6/10
There Are So Many Better 1960s Con Films
22 October 2006
This is the end of the day. At the beginning of today, I watched The Film-Flam Man. Before I began to write this review, I was jolted when I was reminded of having watched it. I hadn't thought about it for one second for the rest of the day. It's that kind of movie. It's forgettable fun. That's fine. It's a good movie. It has its laughs, and fun cons, but it offers not one thing we haven't seen before, and by before I mean before 1967, not to mention after. I find George C. Scott to be a lot of fun, but only for the duration of the film. He doesn't stick afterward.

As I said, the cons are fun, especially for me, a big big big fan of the con/heist subgenre of movies, but the story is hard to get into it at all.
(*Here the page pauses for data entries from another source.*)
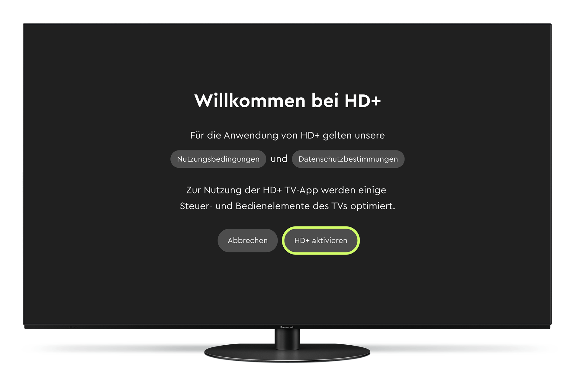 Bei der Erstinstallation deines Panasonic TV-Geräts kann die HD+ TV-App direkt nach dem Sendersuchlauf installiert werden.
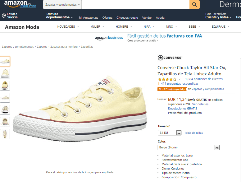 Compra estas Zapatillas Converse en tela Chuck Taylor All Star Ox, la numero 1 vendida on line, unisex a tan solo 11,24€ en Amazon.
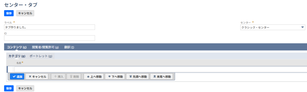 ラベルにカテゴリ名、センターの種類に紐づけたいセンターを指定します。今回はクラシック・センターを指定します。そして前項で作成したタブを指定してあげます。IDはタブを作ったときと同じです。
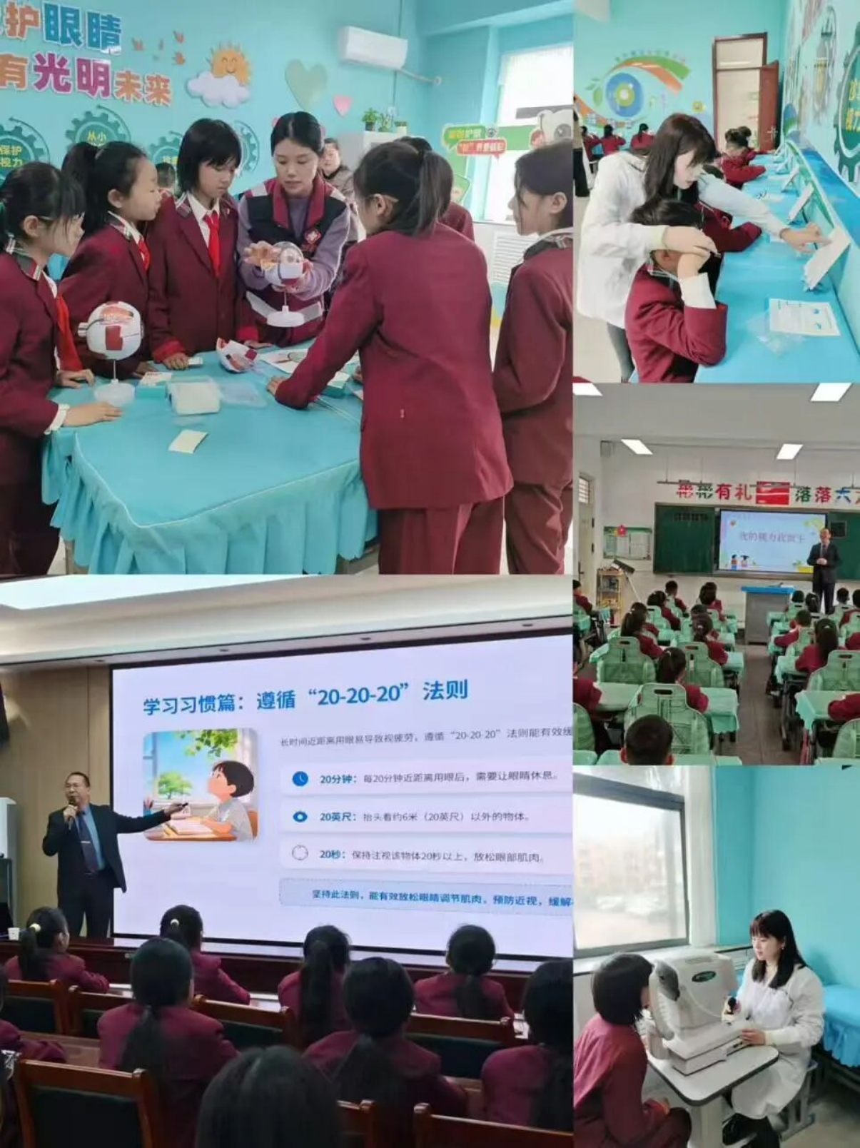 仪式结束后,相关领导一行实地参观了“爱眼小屋”的视力检测区、科普宣传区、视力训练区等三大功能区域。同学们在老师引导下有序参与体验活动,通过眼球模型、光学教具等,近距离学习护眼知识,护眼知识真正“动”了起来,变成了学生能听懂,能玩的东西。同时市预防保健门诊部眼科主任张建锋为在场师生带来了一堂生动有趣的近视防控科普课。
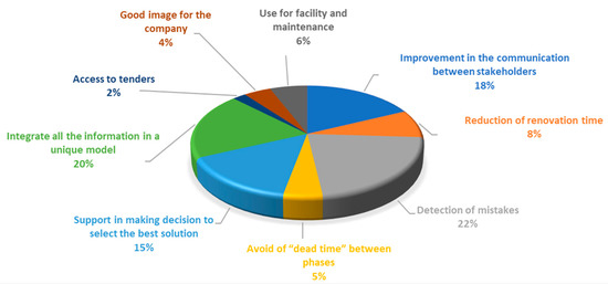 The survey provided valuable information about the user’s perspective regarding the potential of digitalisation to face the inefficiencies of the renovation process. The current section gathers the main findings of the survey regarding these topics that were related to the opportunities of digitalisation, particularly the BIM, for enhancing the renovation process. The charts below represent the distribution of the answers according to those topics related to digitalisation (Figure 7, Figure 8, Figure 9 and Figure 10).

And really, if you can gyp people left and right with complete confidence, then you sound like a good film-flam man, but if the whole town is looking for you because you rampaged a freshly stolen shiny red convertible through it, totaling everything in sight all the way across the community, are you really that good at what you do? I mean, with this kind of recklessness, why are you a con artist? If your getaway is this sloppy and conspicuous, to say the least, what's the point of fooling people? You might as well rob banks and break into houses. But The Film-Flam Man is a comedy, so perhaps that's its loophole.

For more memorable and exciting entries in the heist/con genre in the 1960s, search out these titles: Gambit, Topkapi, Grand Slam, The Italian Job, Ocean's 11, and many others. In fact, check Michael Caine's filmography and look at virtually 90% of what he was in in the 1960s.